The revisions and additions read as follows:
Sec. 201.28 Statement of Account for digital audio recording devices
or media.
* * * * *
(h) * * *
(1) All royalty fees, including supplemental royalty fee payments,
must be paid by a single electronic funds transfer (EFT), and must be
received in the designated bank by the filing deadline for the relevant
accounting period. Remitters must provide specific information as part
of the EFT and as part of the remittance
[[Page 56939]]
advice, as listed in the instructions for the Statement of Account
form.
* * * * *
(j) * * *
(3) * * *
(v) All requests for correction or refunds must be accompanied by a
filing fee in the amount prescribed in Sec. 201.3(e) for each
Statement of Account involved, paid by EFT. No request will be
processed until the appropriate filing fees are received, and no
supplemental royalty fee will be deposited until an acceptable
remittance in the full amount of the supplemental royalty fee has been
received.
* * * * *
(viii) A refund payment in the amount of fifty dollars ($50.00) or
less will not be refunded unless specifically requested before the
statement of account is closed, at which point any excess payment will
be treated as part of the royalty fee. A request for a refund payment
in an amount of over fifty dollars ($50.00) is not necessary where the
Licensing Division, during its examination of a Statement of Account or
related document, discovers an error that has resulted in a royalty
overpayment. In this case, the Licensing Division will affirmatively
send the royalty refund to the manufacturing or importing party named
in the Statement of Account.
(4) Interest on late payments or underpayments.
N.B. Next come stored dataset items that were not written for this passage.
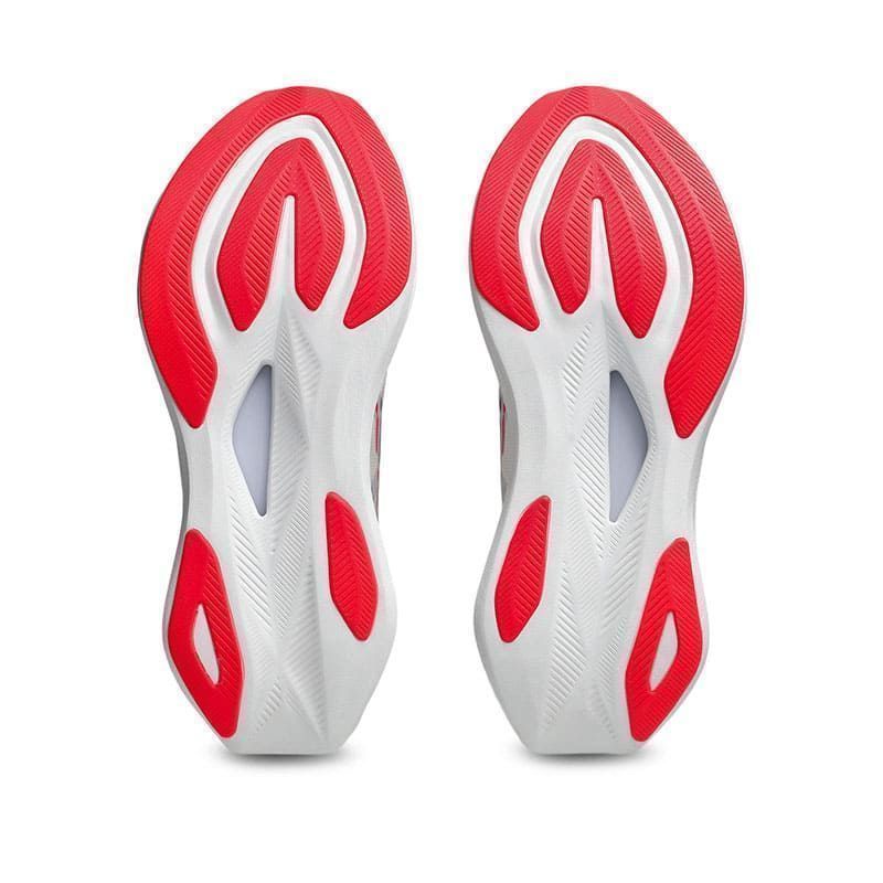 Aquí reside la gran innovación: la mediasuela combina FF BLAST™ MAX, un compuesto suave y elástico que asegura comodidad en rodajes largos, con FF TURBO²™, la espuma más reactiva de ASICS que aporta rebote y dinamismo. Entre ambas se integra el sistema ASTROPLATE™, una placa diseñada para mejorar la propulsión y favorecer transiciones más rápidas y eficientes.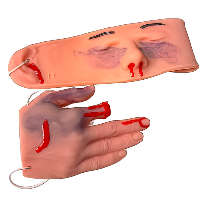 Набор ранений выполнен из специального силикона, имитирующего кожу человека. Материал нетоксичен, не вызывает аллергических реакций.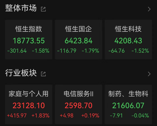 8月14日港股三大指数齐跌。据Wind数据,恒生指数收于18773.55点,跌1.58%。恒生国企指数收于6423.84点,跌1.79%,恒生科技指数收于4208.43点,跌1.52%。大市成交1041.47亿港元。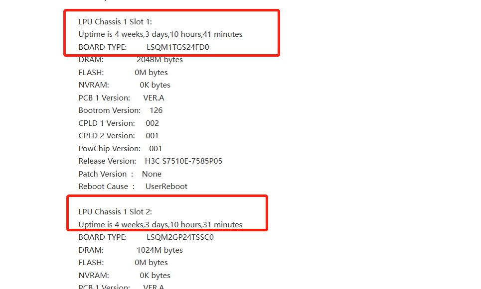 通过display version查看各板卡运行时间
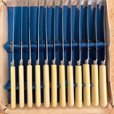 11 stk fruktkniver fra Atkinson Bros Sheffield. Rustfrie. Lengde ca 17 cm. Hele og pene. Den ene kniven har noe rust. Pris samlet.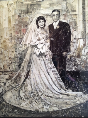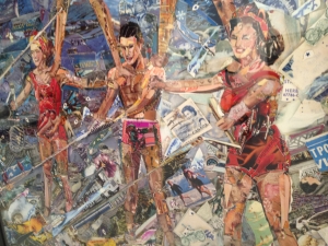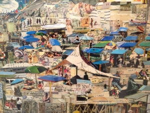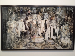 Album” è la mostra di Vik Muniz che si sta tenendo presso la galleria Sikkema Jenkins di New York. Questo artista dalle origini brasiliane, ha composto un corpus di opere in forma di collages, che rappresentano immagini tratte da cartoline e fotografie raccolte dall’artista per un certo numero di anni. Scene familiari e paesaggi di viaggi si mescolano in un insieme narrativo che ci trasporta nella dimensione dei vecchi album di famiglia e dei ricordi che ognuno di noi ha raccolto tramite le immagini del proprio passato. Dunque, attimi universali visti come al microscopio (i lavori sono tutti di grande formato), per consentire allo spettatore un nuovo sguardo su un mondo che si fa ricordare con nostalgia, quello andato.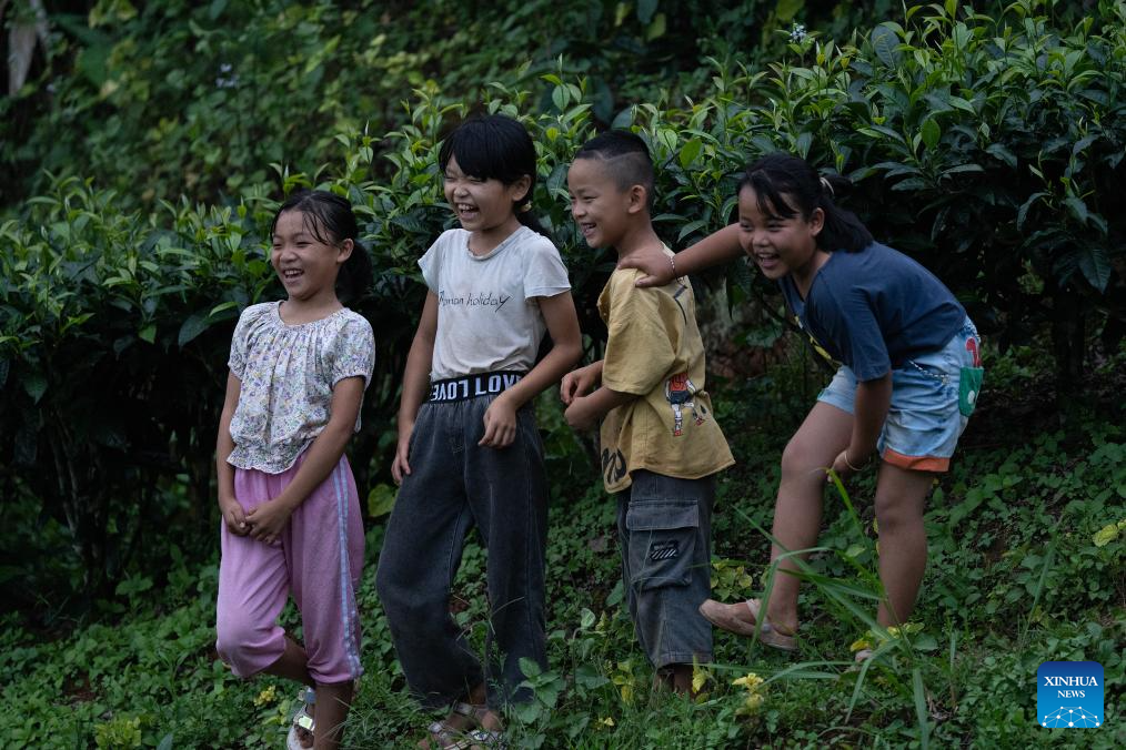 Children look at Asian elephants in Jiangcheng Hani and Yi Autonomous County of Pu'er, southwest China's Yunnan Province, July 19, 2023. Asian elephants, a pivotal species in the rainforest ecosystem, are under first-class national protection in China. The elephants are mostly found across Yunnan.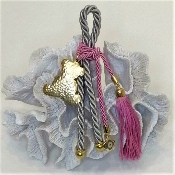Δώρο γέννησης/βάπτισης ροζ αρκουδάκι επιχρυσωμένο με 24 καράτια , με σφυρήλατο αρκουδάκι, διακοσμημένο με ματάκι από σμάλτο, μεταξωτή φούντα σε ροζ και μεταξωτό κορδόνι σε γκρι. Ξεχωριστό δώρο για νεογέννητα ή νεοφώτιστα παιδιά! Συνολικό μήκος 28εκ., αρκουδάκι 5εκ. Οι χειροποίητες δημιουργίες του Tresento είναι επιχρυσωμένες με 24 καράτια και διακοσμημένα με ημιπολύτιμους λίθους και σμάλτο. Ενδέχεται να χρειαστούν έως 15 εργάσιμες μέρες για την κατασκευή τους. Ελληνικής κατασκευής.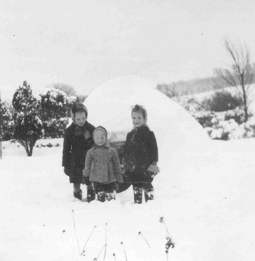 Robinson girls outside igloo, built by Grandpa Boyd, February 1947 |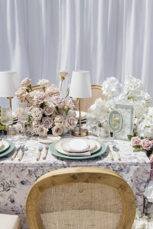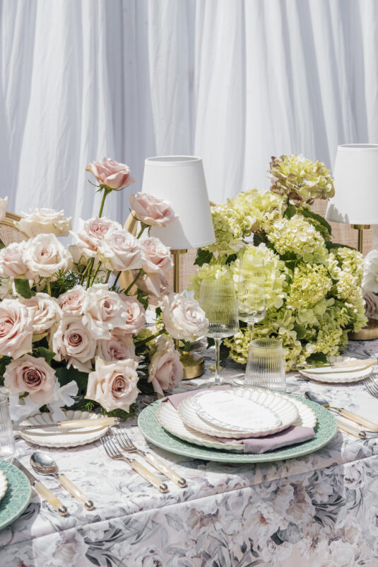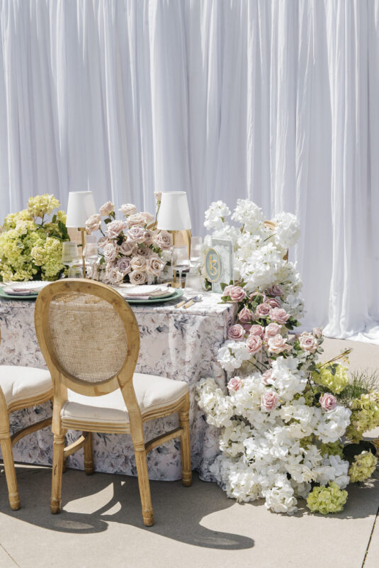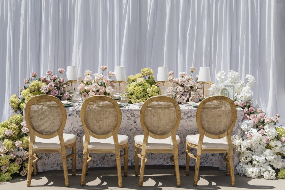 With elegant touches like flowing drapery, refined garden textures, and timeless rentals from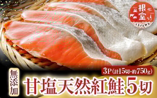 - G-28012 根室海鮮市場<直送>無添加甘塩天然紅鮭5切×3P(計15切、約750g)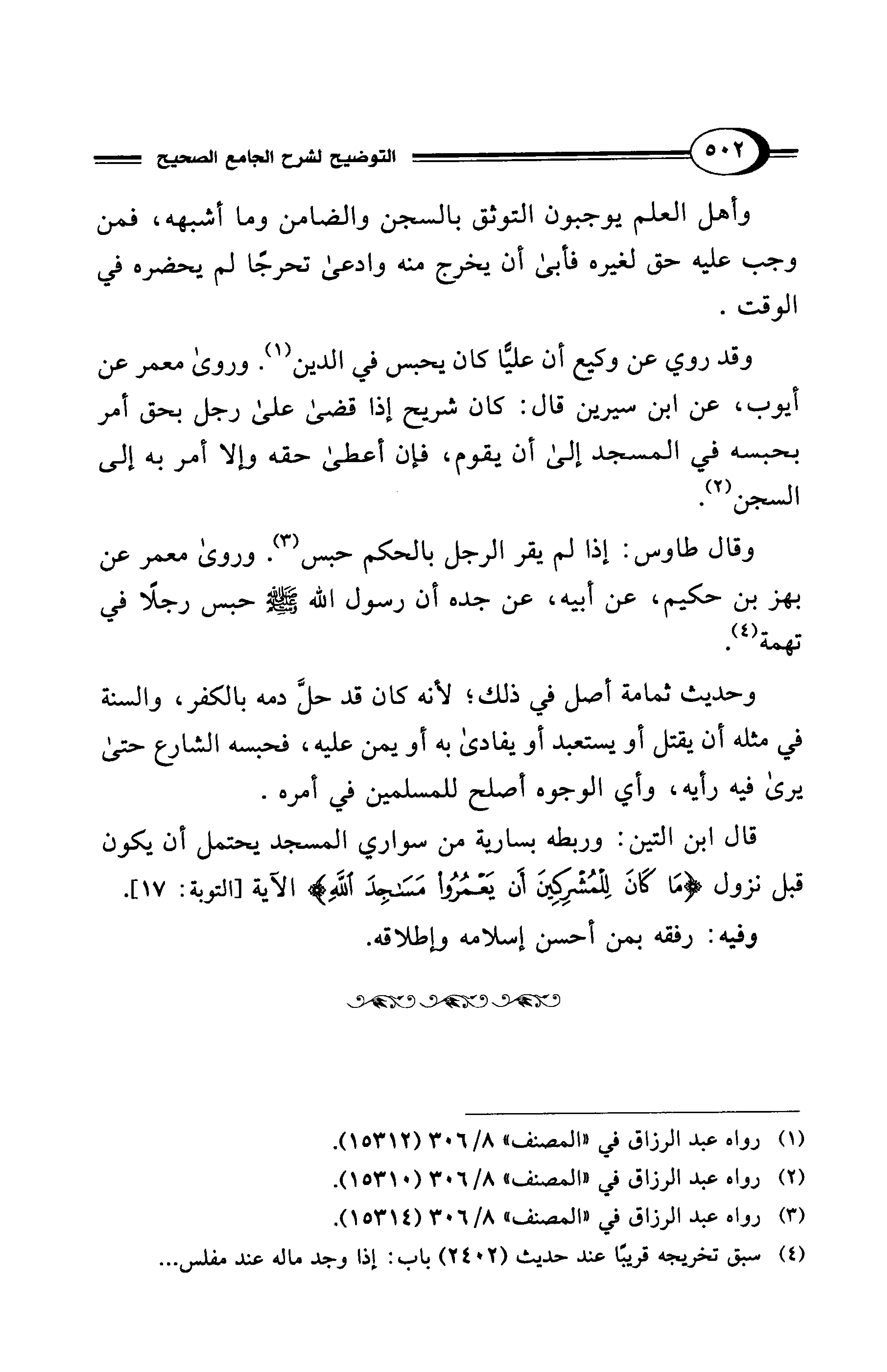 قال ابن التين: وربطه بسارية من سواري المسجد يحتمل أن يكون قبل نزول {مَا كَانَ لِلْمُشْرِكِينَ أَنْ يَعْمُرُوا مَسَاجِدَ اللهِ} الآية [التوبة: 17].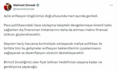 HAZİNE ve Maliye Bakanı Mehmet Şimşek, “Aylık enflasyon, öngörümüz doğrultusunda mart ayında geriledi. Birincil önceliğimiz olan fiyat istikrarı hedefimize ulaşana kadar ne gerekiyorsa yapacağız” dedi.Hazine ve...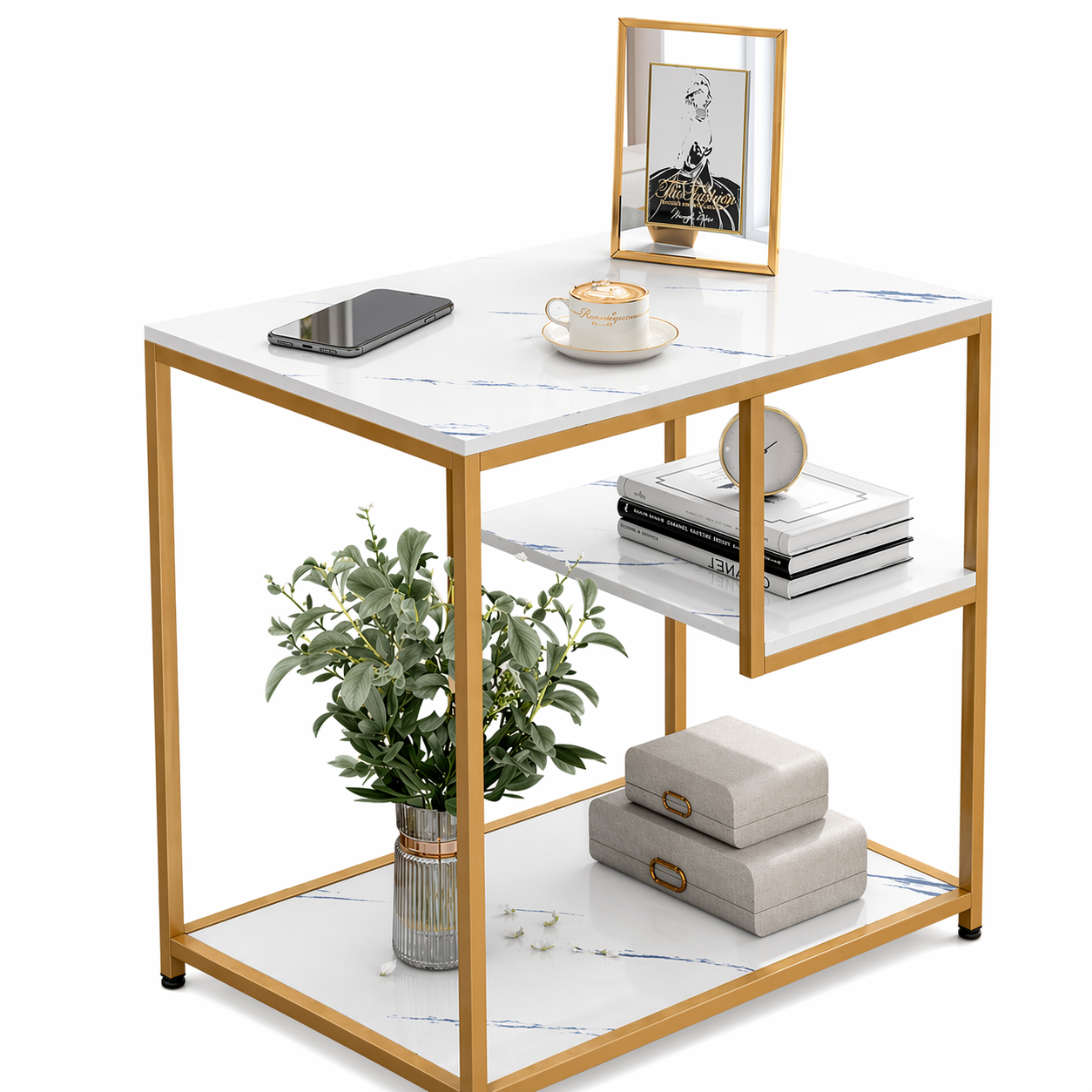 Masuta blat tip marmura, cadru metalic, 3 niveluri, 60x40x68 cm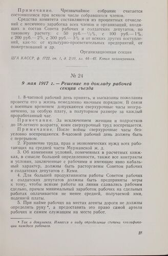 9 мая 1917 г. — Съезд делегатов рабочих, солдат и служащих средней части Мурманской ж. д. (Сорока-Кандалакша). Решение по докладу рабочей секции съезда // ЦГА КАССР, ф. 1722, оп. 1, д. 2/10, лл. 51—52. Копия незаверенная.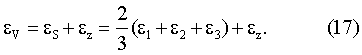 Для определения объемной деформации среды, в которую установлен МСД (массив горных пород, тело плотины, стена сооружения и т.п.), необходимо еще знать величину относительной линейной деформации в направлении оси цилиндра z= z/R, которая определяется измерителем осевых деформаций. Здесь z – измеряемые ЕПП осевые перемещения, R – радиус полусферы (база измерителя осевых деформаций). В нашем случае, когда поперечная жесткость боковых стенок цилиндра и продольная (вдоль оси) жесткость полусферы подобраны равными жесткости вмещающей среды, для малых объемных деформаций среды можно написать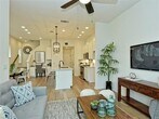 This like new home with high end upgrades! This bright and modern David Weekley home has it all! HOA-maintained yard with private, landscaped front patio. The home features hardwood floors downstairs, as well as the stairs and upstairs hall. Gorgeous white quartz countertops w/ stainless appliances & large kitchen sink in the island. All bedrooms & laundry upstairs. Conveniently located near Apple, MetroRail and numerous restaurants & retail establishments. Washer, dryer and refrigerator included.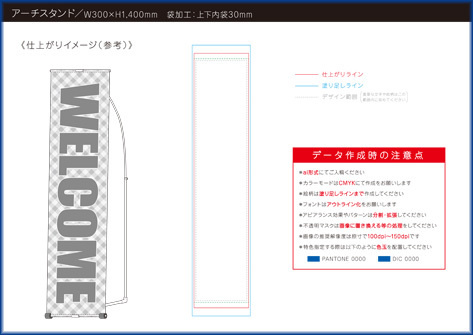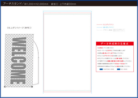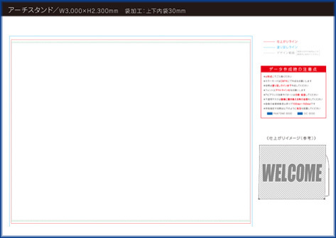 ご使用方法:保存したPDFデータをIllustratorで開き、「デザイン」レイヤーへデザインを配置してください。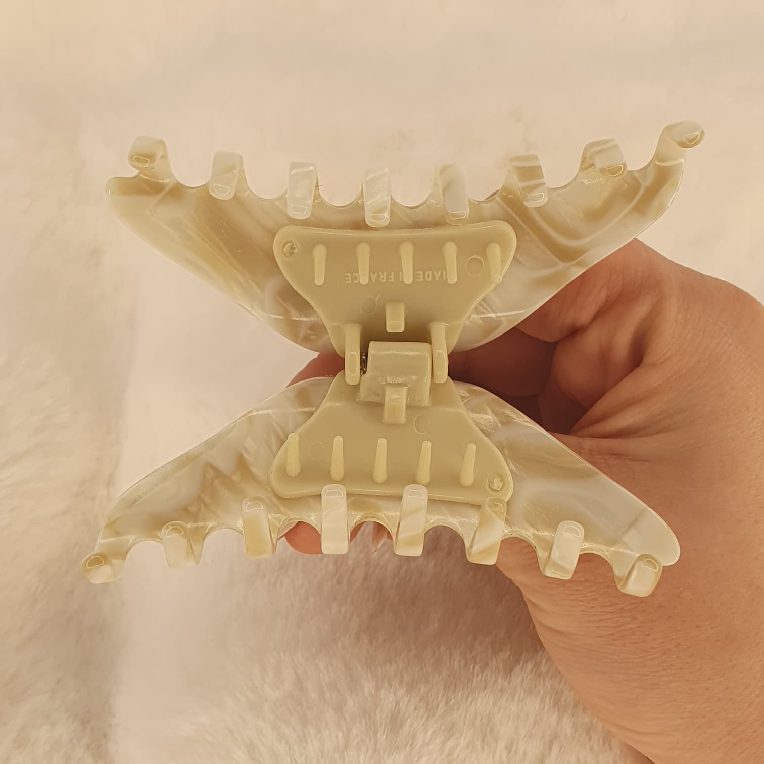 Design : La pince arbore une forme géométrique élégante, légèrement triangulaire. Ses dents robustes et son ressort de haute qualité, estampillé « Made in France », garantissent un maintien ferme et confortable, idéal pour relever l’ensemble de la chevelure avec style.
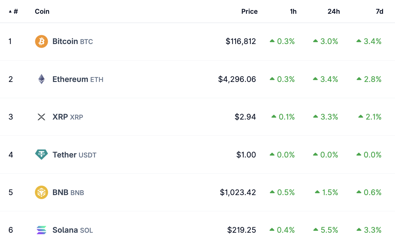 Ví dụ, mặc dù cổ phiếu TradFi giảm, nhưng lĩnh vực tiền điện tử lại có xu hướng tăng, khi các token hàng đầu và tổng vốn hóa thị trường đều tăng mạnh:

Royalty fee
payments submitted as a result of late or amended filings shall include
interest. Interest shall begin to accrue beginning on the first day
after the close of the period for filing statements of account for all
underpayments or late payments of royalties for the digital audio
recording obligation occurring within that accounting period. The
accrual period shall end on the date the payment submitted by a
remitter is received by the Copyright Office. The interest rate
applicable to a specific accounting period beginning with the 1992/2
period shall be the Current Value of Funds Rate, as established by
section 8025.40 of the Treasury Financial Manual and published in the
Federal Register, in effect on the first business day after the close
of the filing deadline for that accounting period. Manufacturers or
importing parties wishing to obtain the interest rate for a specific
accounting period may do so by consulting the Federal Register for the
applicable Current Value of Funds Rate, or by consulting the Copyright
Office Web site. Interest is not required to be paid on any royalty
underpayment or late payment from a particular accounting period if the
interest charge is less than or equal to five dollars ($5.00).
(5) A statement of account shall be considered closed in cases
where a licensee fails to reply within ninety days to the request for
further information from the Copyright Office or, in the case of
subsequent correspondence that may be necessary, ninety days from the
date of the last correspondence from the Office.
Sarang V. Damle,
General Counsel and Associate Register of Copyrights.